To some extent, all successful brands are social. They bring people together and enable them to identify with others in a crowd without losing their sense of individuality. Some of the most iconic brands capture this duality of individual sociability: Guinness, for example. By drawing on your inner strength, you become all the more individual and true to your own personality while relating more successfully to all the other individuals around you. It is difficult, perhaps impossible, for brands to succeed by appealing purely to the loner. One of the most famous brand failures was a 1950s cigarette launched with heavy advertising and the slogan: “You’re never alone with a Strand.” People did not want a life where satisfaction was defined as being on your own with only a cigarette for company.

As the Starbucks brand has developed, the notion of the third place has become more entrenched. The music, the seating, the level of ambient noise allow you to feel included in the social place even when you are on your own. One of the conclusions drawn by an advertising agency pitching for Starbucks’ business in the early 1990s was that people go to Starbucks for a “social feeling.” This was despite the observation that the vast majority of Starbucks customers made no conversation or social interaction in the store. Come in, order, take away or sit down; there is no pressure to be sociable. Indeed, it is this absence of pressure that characterizes the third place and makes it a haven for many.

At the same time, many regard Starbucks as a gathering place where you can either collect your thoughts or meet your friends. If you are meeting friends, the third place takes on a more obviously social meaning. It also provides a setting that has just enough hint of the exotic to be different from home or work (the smell and the sight of coffee beans) and just enough likeness to be familiar (seats and tables that are slightly more or less comfortable than those at your work or home). It provides an environment that is socially “democratic,” where the male business executive sits in the same space as the mum taking a break from shopping, or students getting together after classes.

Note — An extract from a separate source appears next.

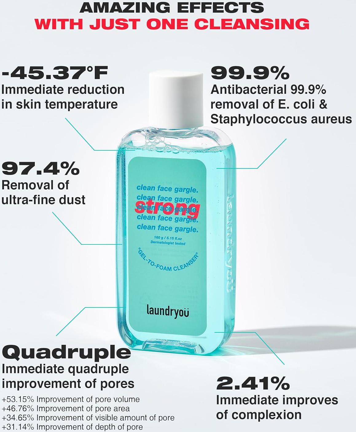 - VISIBLE SKIN IMPROVEMENT: See immediate results with Clean Face Gargle Cleanser’s advanced pore and skin radiant action. Dermatologically tested, it improves skin tone and texture, offering instant soothing coolness and a radiant complexion that showcases your skincare expertise.

In 1992, Starbucks was realizing the traveling power of these ideas. It now knew that its offer worked in north-west America, Chicago and California. If there, why not elsewhere? The only thing that might stop it was a lack of resources to expand and the fear that, if it did not grow soon, the big boys in the coffee world would wake from their slumbers and put an end to the romance. The romance was still an integral part of the company, but there was now a perpetual tension between the functional efficiency required to run the business and the need to keep achieving big dreams that ensured the company had a soul. The decision to go public, to raise funds by floating the company on the New York stock exchange, was taken to meet both needs. Investment would help the business run better and, at the same time, enable it to achieve its ambitions on a national and international scale. These ambitions were to reinvent the coffee experience in America and to build a worldwide brand.

In many ways, the offer that Starbucks put to Wall Street was the opposite of what would normally appeal to the stockbrokers there. Howard Schultz was unwilling to compromise his belief that Starbucks was strong because it was built on deeply felt values. Yet he recognized that Wall Street does not put a value on values. Orin Smith provided a sober, dispassionate counterbalance to Howard’s emotional argument. The investment bankers appointed to place the listing did the rest. Even though technology companies were the flavor of the day and even though Starbucks was unknown in New York, the shares finished trading on their first day at $21.50, at least $4.50 above the target price. (The ipo price was $17.00.) The company was now worth $273 million, having been bought for $4 million five years earlier.